Question 399 of 499
Operationalizing machine learning modelsmediumMultiple SelectObjective-mapped

Quick Answer

The answer is to use a smaller batch size for prediction requests and to deploy the endpoint with GPU accelerators. A smaller batch size reduces the amount of data processed per inference cycle, which directly lowers per-request latency because the model spends less time accumulating and processing a large batch before returning results. GPUs, meanwhile, excel at the parallel matrix operations central to deep learning, enabling the endpoint to handle multiple predictions concurrently far faster than CPU-only machines. On the Google Professional Data Engineer exam, this question tests your understanding of optimizing Vertex AI serving infrastructure for latency-sensitive workloads—a common trap is assuming larger batches always improve throughput, but they actually increase latency for individual requests. Remember the mnemonic “Small Batch, Fast Match” to recall that reducing batch size and matching hardware (GPU) to model type are the two key levers for cutting endpoint latency.

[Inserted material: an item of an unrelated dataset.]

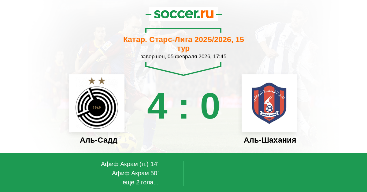 83' (4:0) Афиф Акрам (7) (Халид Хассан (10))

PDE Operationalizing machine learning models Practice Question

This PDE practice question tests your understanding of operationalizing machine learning models. Read the scenario carefully and evaluate each option against the stated constraints before committing to an answer. After answering, compare your reasoning against the explanation and wrong-answer breakdown below. Once you have made your selection, read the full explanation to reinforce the concept and understand why each distractor is designed to mislead on exam day.

Which TWO actions can help reduce the latency of a Vertex AI endpoint serving a large neural network model?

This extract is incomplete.